Paper No. 4
Presentation Time: 9:05 AM
THE EAST DERBY FAULT: EVIDENCE FOR LATE PALEOZOIC DEXTRAL MOTION WITHIN THE CONNECTICUT VALLEY SYNCLINORIUM
Preliminary work shows that the East Derby fault zone (EDFZ) is broader than indicated by Rodgers (1985), and has a protracted late Palezoic history. This northeast trending fault cuts kyanite grade rocks and juxtaposes the Orange-Milford Belt, on the east, against Connecticut Valley Synclinorium (CVS) rocks, on the west. The core of the fault zone is defined by greenschist facies phyllites and phyllonites, but our investigations show the zone to be much wider.

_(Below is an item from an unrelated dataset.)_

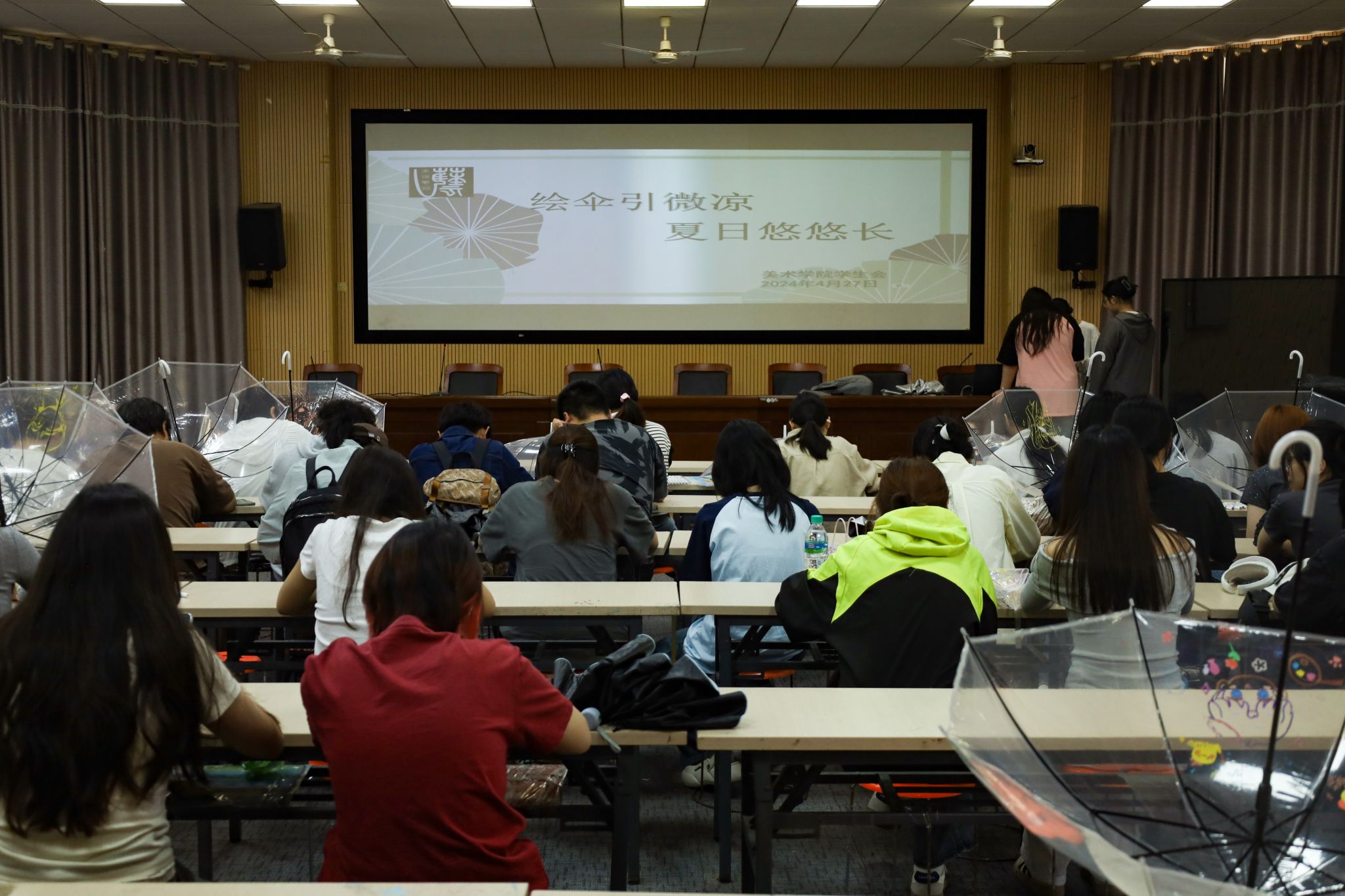 用丙烯颜料笔在伞面上勾画图案,铺色涂抹,撑伞风干,20余把结合了学生们“小巧思”的DIY透明雨伞便完成了。4月27日,beat365在线体育官网登录入口在学院学术报告厅开展“绘伞引微凉,悠悠夏日长”活动,70余名学生在互动交流中挥洒创意。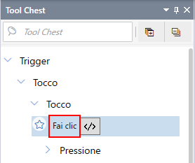 Quando si lavora con gli script in modalità Testo, il Toolchest elenca trigger, operazioni, logica ed espressioni. Fare doppio clic sul trigger e nell’editor di script si crea la nuova sezione di script, insieme al codice predefinito per il trigger selezionato.

In fact, stratigraphic units mapped between Rodgers' fault zone and the porphyritic Harrison Gneiss are orthoschists derived from, and cutting, this gneiss. Zoned, 1-5cm long, K-feldspars with Carlsbad twinning show development of marginal microcline twinning, significant grain size reduction and local to near complete replacement by myrmekite. Magmatic biotite recrystallizes into biotite-rich folia separated by quartz and plagioclase domains and ribbons. Albite twinned plagioclase recrystallizes to finer grained, zoned and untwinned metamorphic plagioclase. Closer to the mapped EDFZ, K-feldspar grain-size reduction becomes more complete and the developing biotite schistocity is joined by equal proportions of muscovite, forming centimeter long folia; muscovite fish and kinked grains become common. Finally biotite nearly disappears and is replaced by muscovite with minor chlorite. These textures show continued grain size reduction and transition from biotite schist to chlorite phyllite. Thus deformation occurred during waning metamorphic conditions from middle amphibolite to lower greenschist facies.
Regional geochronology (Lanzirotti, 1996; Moecher et. al., 1997) defines the metamorphic cooling history. Metamorphism peaked in the middle Devonian Acadian Orogeny. Cooling through the Argon closure temperature of amphibole (~500°C) and muscovite (~350°C) occurred ~ 340 and 300 Ma respectively, showing that the margin of the Harrison Gneiss was being strongly deformed throughout the Carboniferous. Kinematic indicators in biotite-rich orthoschists and greenschist facies phyllites suggest right lateral motion persisted during most of this retrogression and very possibly into the Permian. Thus the EDFZ may appreciably translate the Orange-Milford Belt southwestward relative to other CVS rocks to the west.